Я развернулся и пошел к выходу.

— Мистер Кин! — остановил меня мальчишечий голос. — Вы — тот самый мистер Кин?

— Какой — тот самый? — не понял я.

— Ну тот, у которого стеклянный глаз, — шепотом сказал Витольд совсем другим тоном. — Мама про вас часто рассказывала. Особенно когда этот… муж ее… новую актриску находил! А она уже в возрасте была, огорчалась, я к ней, она обнимет — и рассказывает про море, солнце… И про вас тоже, мистер Кин. То есть она никогда имени не называла, только один раз проговорилась, почти заснула уже. Виктор, говорит, Виктор… Я сперва подумал, что ослышался, что это она меня по имени зовет, а она повторила. А теперь… — он помолчал. — Увидел вашу визитку, все и сошлось. Виктор Кин. Она вас звала?

— Не представляю, — честно сказал я. — Не могу сказать наверняка. А… как она умерла, Витольд?

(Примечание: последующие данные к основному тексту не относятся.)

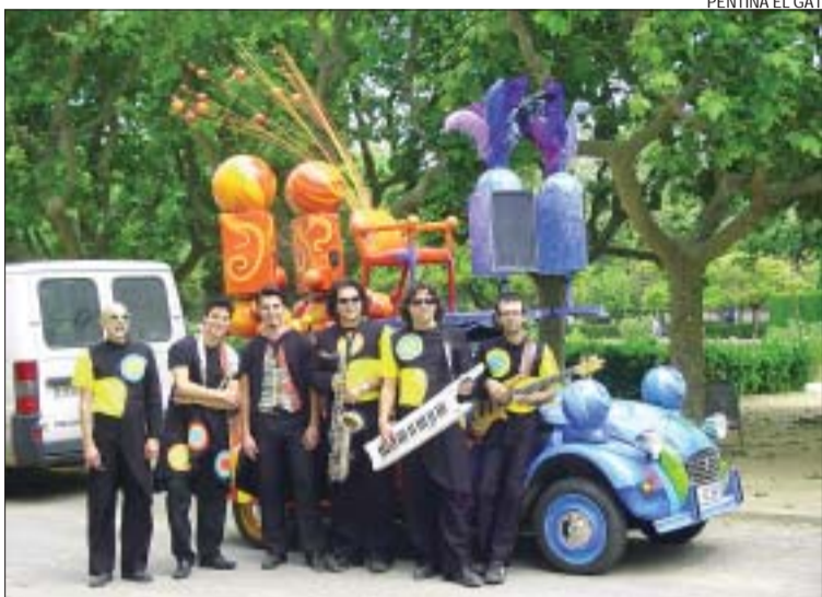
>> La formació montcadenc amb el cotxe protagonista de l'espectacle 'S'

La companyia també explicarà la història de la música a escoles de Barcelona

— Тихо, — ответил он, понурившись. — Ну, вы видели, она такая крепкая была, большая… А потом в полгода ее не стало. Даже я, наверно, смог бы ее поднять, кости одни… Доктор приходил все время, лекарств целая тумбочка осталась… Это ее муж присылал.

— Ты все время говоришь — «ее муж», — заметил я. — Но он же твой отец!

— Он сказал, что отказывается от меня, когда уходил, — нахмурился Витольд, и опять гримаса показалась мне до боли знакомой. — Что не знает, с кем там мама гуляла, мол, я на них обоих совсем не похож! А я ему вообще не нужен. Был бы нужен, разве оказался бы здесь?

— Нет, конечно, — пробормотал я. Господи, да даже и пасынка сдать в приют — у кого рука поднимется? Ан находятся все-таки люди…

— Так что он мне не отец, — подытожил мальчик. — Он меня никогда не любил. И маму тоже. Она из-за него плакала, я помню.

Что могло довести до слез железную Сигрид, я даже представить не мог. И не хотел представлять.

— Значит, она умерла во сне? — зачем-то спросил я.

— Почти, — ответил Витольд и закусил нижнюю губу. Потом справился с собой и прибавил: — Лекарства же, мистер Кин. Она почти все время спала. Только под конец очнулась, велела меня позвать и…

Я никогда не умел успокаивать детей. Особенно мальчиков. Особенно таких. Мне даже племянников никогда не доверяли, у меня на руках они расходились еще пуще, впадая в форменную истерику! Вот и Витольд плакал навзрыд, а я уже понимал: ни в какой пансионат я его не отдам.

— Куда!.. — спохватился привратник, когда я забросил рыдающего мальчишку в машину.

— Не ваше дело, — грубо ответил я, надавив на газ. Обернулся и крикнул выбежавшему на шум мистеру Боунсу: — Завтра заезжайте! Надо кое-что обговорить!

Миль через десять у Витольда закончились слезы, зато пробудилось любопытство, и он перебрался на переднее сиденье.

— Ничего не трогай, — сказал я, — если не хочешь убиться сам и меня заодно угробить. Водить машину я тебя научу, когда ногами до педалей достанешь.